Now you might think me going a bit soft by travelling to Brazil, after all, I am Mr. Frostbite! Well, I’ve climbed in many hot climates across the world since almost freezing to death on Mt. McKinley and they bring with them their own set of problems. The hot and sweaty climates play havoc with my skin grafts and I have to watch them much more than on a freezing mountain. The risk of infection is much higher and the chances of damaging them increased. All that said, I was invited to climb around Rio de Janeiro by good friends Fiona and Felipe and couldn’t resist…
Within hours of landing and still suffering jet lag I was whisked into the mountains to relax and swim in the pools and waterfalls in the Parque Nacional da Serra dosa Orgaos. Fiona and Felipe are members of the couchsurfing community and a large group of friends were heading out for the day. I wandered through the cool jungles and hurled myself into the raging torrent of a beautiful waterfall. It felt refreshing after over 20 hours on the road and in the air.

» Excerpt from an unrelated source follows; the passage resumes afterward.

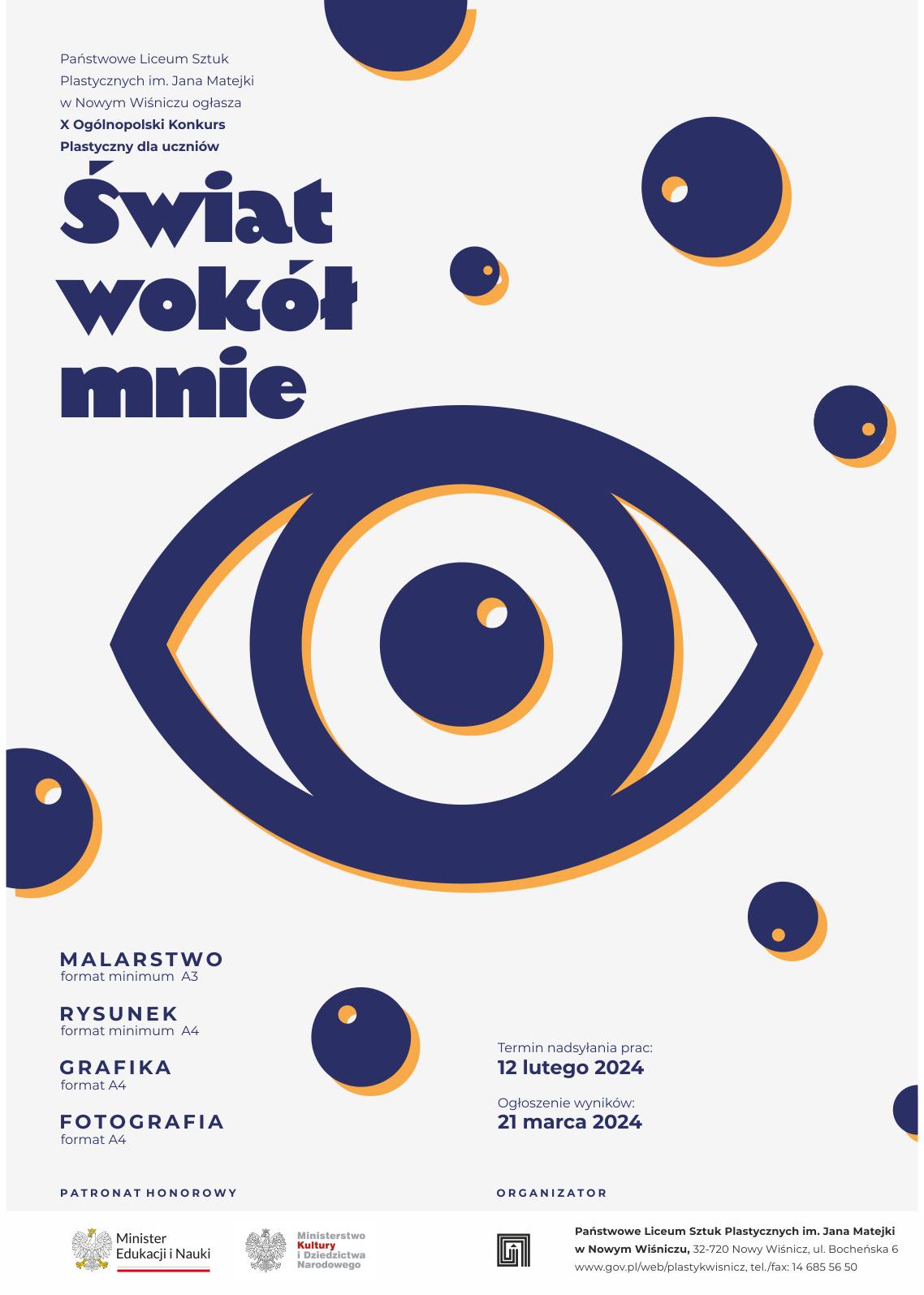 Państwowe Liceum Sztuk Plastycznych im. Jana Matejki w Nowym Wiśniczu zaprasza uczniów klas siódmych i ósmych szkół podstawowych do udziału w X Ogólnopolskim Konkursie Plastycznym „Świat wokół mnie” 2024.

The Brazilians found the water cold, but to an Englishman it was like walking into a bath.
The time for relaxing was over as the next afternoon we scrambled up the Pao de Acucar or Sugarloaf. Famous for its stunning views over the city and its place in the James Bond film Moonraker, it provides an excellent exposed scramble of grade 2/3 over granite slabs interspersed with forest. The climb was straightforward enough except for one pitch, but due to a late start we finished in the dark. Forcing through thick forest in the dark isn’t my idea of fun, but it was important to summit before the cable car closed, otherwise we would be staying on the summit overnight. Frostbite wasnt going to be a concern though as it’s always warm in Rio! The night views over Copacabana and Botafogo were incredible with the statue of Christ the Redeemer standing illuminated over them all. We climbed to the Christ a few days later, but not on the normal bus route. Instead we walked through a Favela and pushed through dense forest (which the children said was guarded by a huge beast!) We survived unscathed and took in awide panorama of Rio. We walked down after sunset, covered in mud, foliage and sweat, but with big smiles on our faces.
I was asked to speak at the Clube Excursionista Light climbing club about my mountaineering experiences and to talk about how frostbite has affected my life. Cold injuries are unknown in Brazil, so when I mentioned temperatures approaching -60C there were a few gasps! My words were translated into Portuguese by Felipe and here’s a lesson to anyone working with interpreters. Always work with them before you speak, to make sure any unusual words or phrases male sense in both languages. Check what does and doesn’t make people laugh, what does or doesn’t offend people and finally – timings. You might need half as much time again due to the translation, so consider what to leave out of your time is short or fixed. The evening was a great success and I have lots of new climbing friends in Brazil;
I visited a Favela behind Copacabana to see what the living conditions are like for the children. The tiny streets have no order, houses are built everywhere and navigation is almost impossible unless you have a guide. Conditions are simple, with basic sanitation, electricity and education. Children here have to earn what they need, so many work after school running errands or working in shops. They have little in the way of physical commodities, but all of them laugh and smile uncontrollably! They are a lesson to us all in Entrepreneurship and hard work.
Before I left Rio, I decided to see the city from the air by helicopter, before heading west to Iguazu Falls.